The government allows for a bit much capitalism when it comes to health care, in my opinion. The added costs for health care are commonly thrust onto all employees, those at the bottom of the pay scale are impacted the most because they make the least. An out of pocket health care expense for a CEO is a rounding error but can be financially devastating to the lowest paid person that has coverage.

I get that they are different jobs. For example if there were a software error in a JD tractor that caused many deaths (i.e. some safety feature fails) its more likely a CEO/CxO would have to step down for mis-managing something than a bunch of factory workers.

In general, the pay differences are really out of whack though.

How about they stop fucking farmers over with their encrypted, unrepairable shit?

I hope some Chinese company kicks their anti-customer ass.

This comes after they tried to use unskilled labor (office personnel) to replace their skilled workers during the strike and about everything that could have gone wrong did.

Looks like strikes work, which is nice to see.

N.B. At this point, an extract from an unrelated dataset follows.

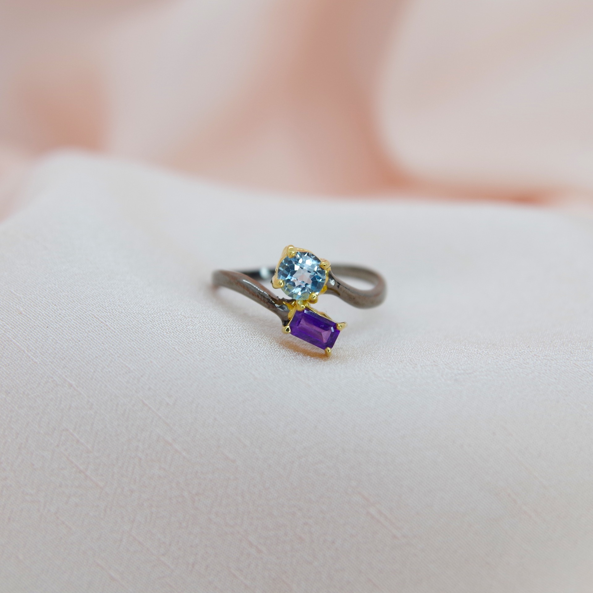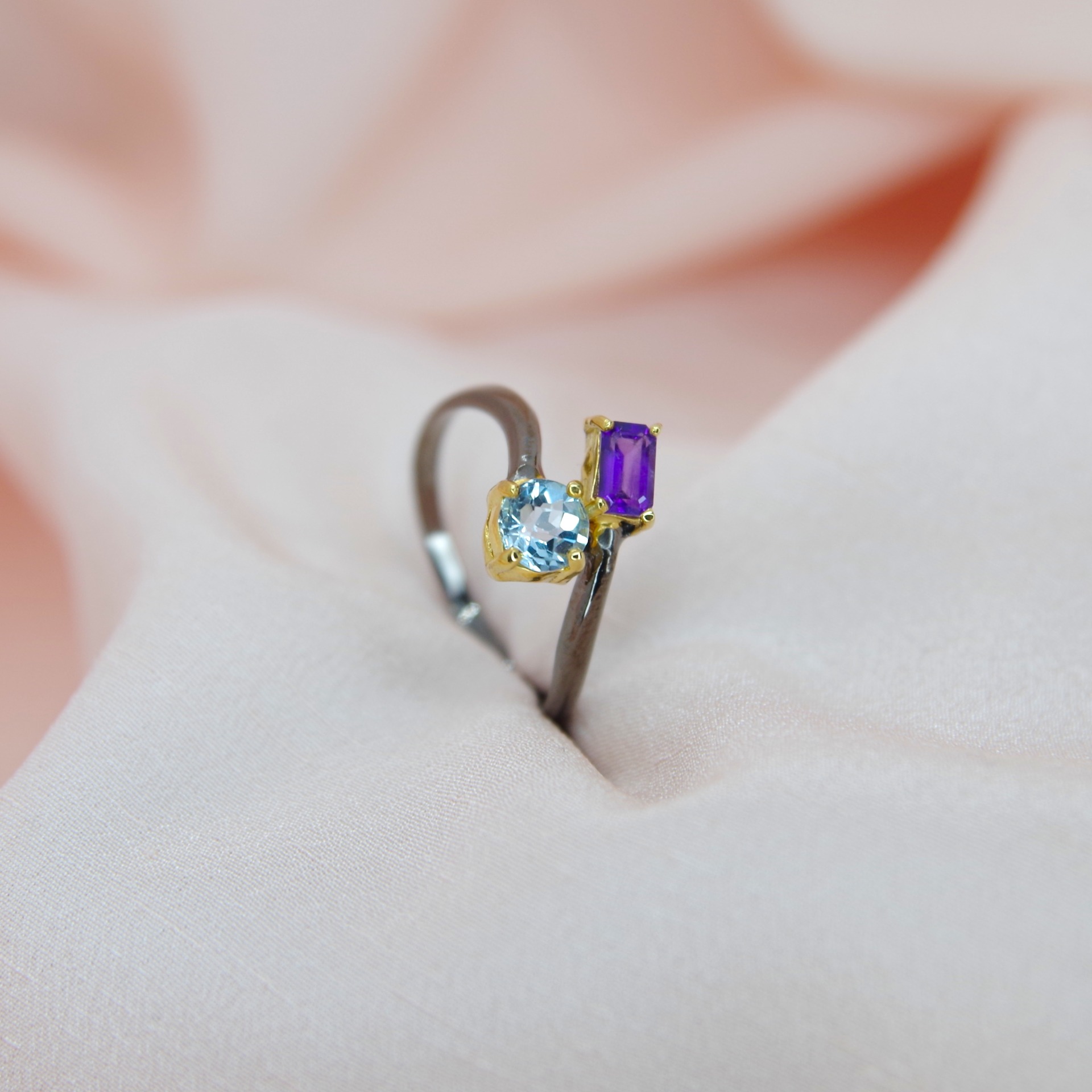 Řemeslně zpracovaný stříbrný prsten s přírodním modrým topazem a ametystem, pozlacený 14k zlatem a černým rhodiem. Jedinečný kus.

It’s striking to me how labor movements have seem to thrive after global conflicts. In the years that follow war, famine, and plague the power of organized labor grows, and it wanes during sustained periods of relative abundance. It seems like a case of simple supply and demand, ie a smaller workforce can command higher wages. However the effect seems a lot more pronounced than the raw numbers would dictate. For example the US lost 0.3% of its population to WW2.

> During the 15 years from 1947 to 1962, the real hourly earnings of production or nonsupervisory workers in the private nonfarm economy, adjusted for overtime (in manufacturing only) and for interin- dustry employment shifts, increased at an average rate of 2.5 percent annually; the advance during the 14-year period from 1962 to 1976 averaged only 1.2 percent annually.

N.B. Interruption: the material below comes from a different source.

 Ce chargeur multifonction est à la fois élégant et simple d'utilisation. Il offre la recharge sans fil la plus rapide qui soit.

The pandemic has taken 0.2% of US population thus far, yet wage growth is nearly 5% in the past 12 months, significantly outpacing inflation.

~50 years of relative peace and prosperity resulted in wage stagnation for workers. The death of organized labor was lamented, and many households struggled to keep pace with rising expenses.

It’s as if there is a threshold of labor availability below which there is a dramatic increase in upward wage pressure. The threat of production not meeting sales demand is a powerful one.